Lacking originality, even when proposing theoretically "new" stories through sequels, prequels, and spin-offs, is not just the streaming’s problem, considering the second season of House of the Dragon is on everyone's lips this summer of 2024. But it's also evident that a Gen V, a "youthful" spin-off of The Boys, does not have the same depth as power intrigues soaked in blood when dragons are involved. It confirms that not all worldbuilding needs to be explored more than the main story itself. In a scramble where "every man for himself" was skipped in favor of an alarming and systematic "scorched earth" approach, Netflix was the first to cancel an implausible number of its non-flagship series, sacrificing many to cling to the success of the few. One major problem remains: it's fine to have reduced productions, it's fine to have curbed any type of proposal from every corner of the globe, but the audience has already left. Not only those who canceled their subscriptions but also those who can no longer keep up with any must-watch title, which indeed they miss. Imagine the glory The Gentleman by Guy Ritchie could have had in March 2024, if people were not tired of starting yet another banal, overdone series, almost certainly to be canceled after the first season, so why start it, not even to feel bad afterward. - And then yes, oh, I still have the fourth and final season of Sex Education to catch up on, can't wait. What? It came out last September? How did I miss it. - The involution of serial productions might be the real ace up the streamers’ sleeve, because there’s nothing wrong with often ending up doing the tenth rewatch of Friends or Sex and the City on platforms that hold their rights, but we hope there are always new worlds and characters to tell about. 

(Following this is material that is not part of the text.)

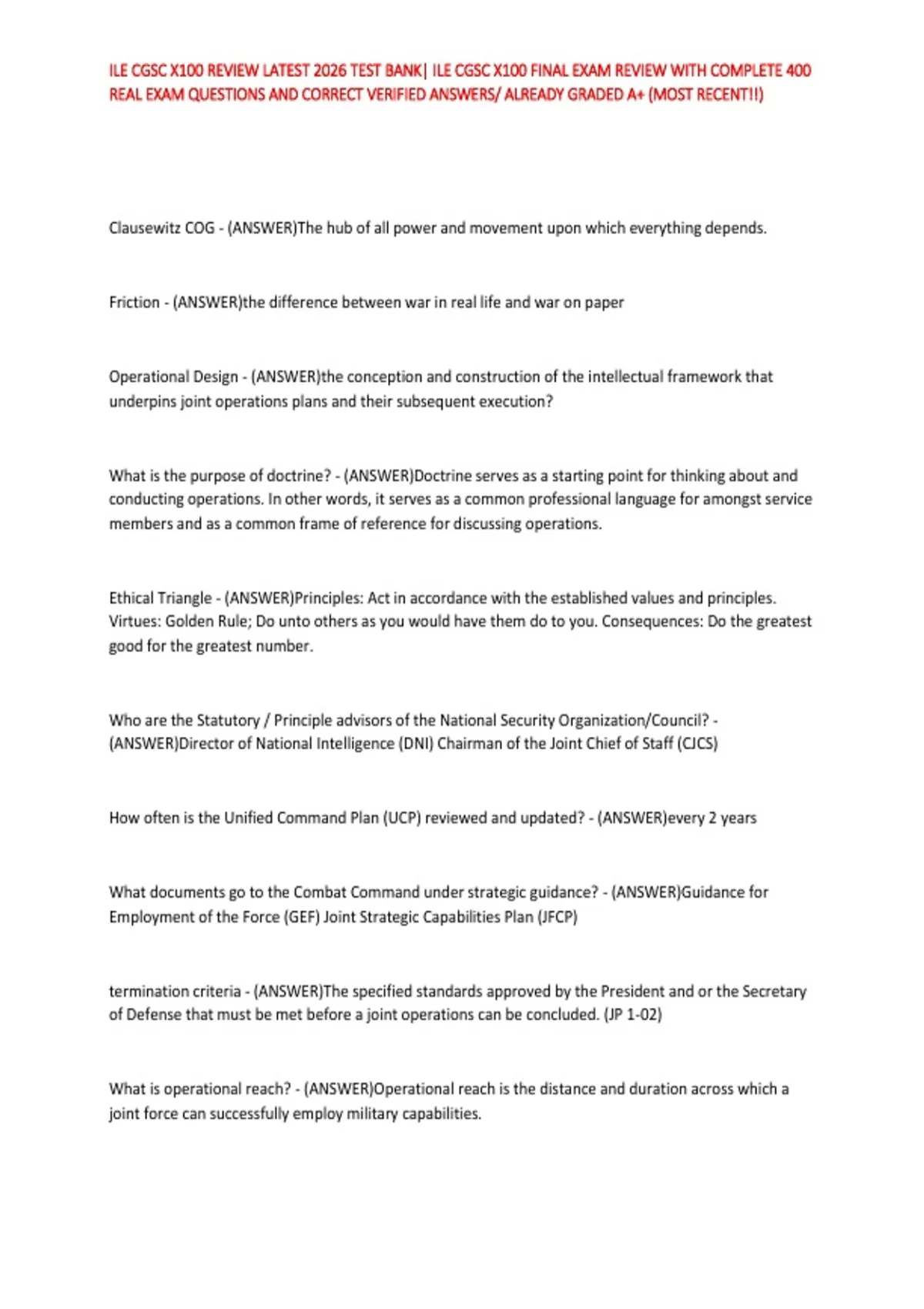 , ILE CGSC X100 REVIEW LATEST 2026 TEST BANK| ILE CGSC X100 FINAL EXAM REVIEW WITH COMPLETE 400

Who knows if Netflix might have found a temporary solution, a suitable and unexpected formula, ideal in such an era of overabundance. Released in sequence a few weeks apart, Ripley, Baby Reindeer and Eric, miniseries have shown that a short, contained format with a set number of episodes and a story that opens and closes as they used to could be the only answer to the problem. Cases like Big Little Lies teach us that even a miniseries can become "long," but having a first season that doesn’t seem like one endless, insignificant, and stretched-out episode, but instead has a narrative arc that starts and finishes in a set time frame, is the most desirable. All this unless, of course, you are Apple TV+: you make series of every kind, most of them wonderful (Severance, Pachinko, Ted Lasso, Shrinking, and Black Bird, just to name a few), even if almost no one watches them. And, if they were to be canceled, as they came, they would go without anyone noticing.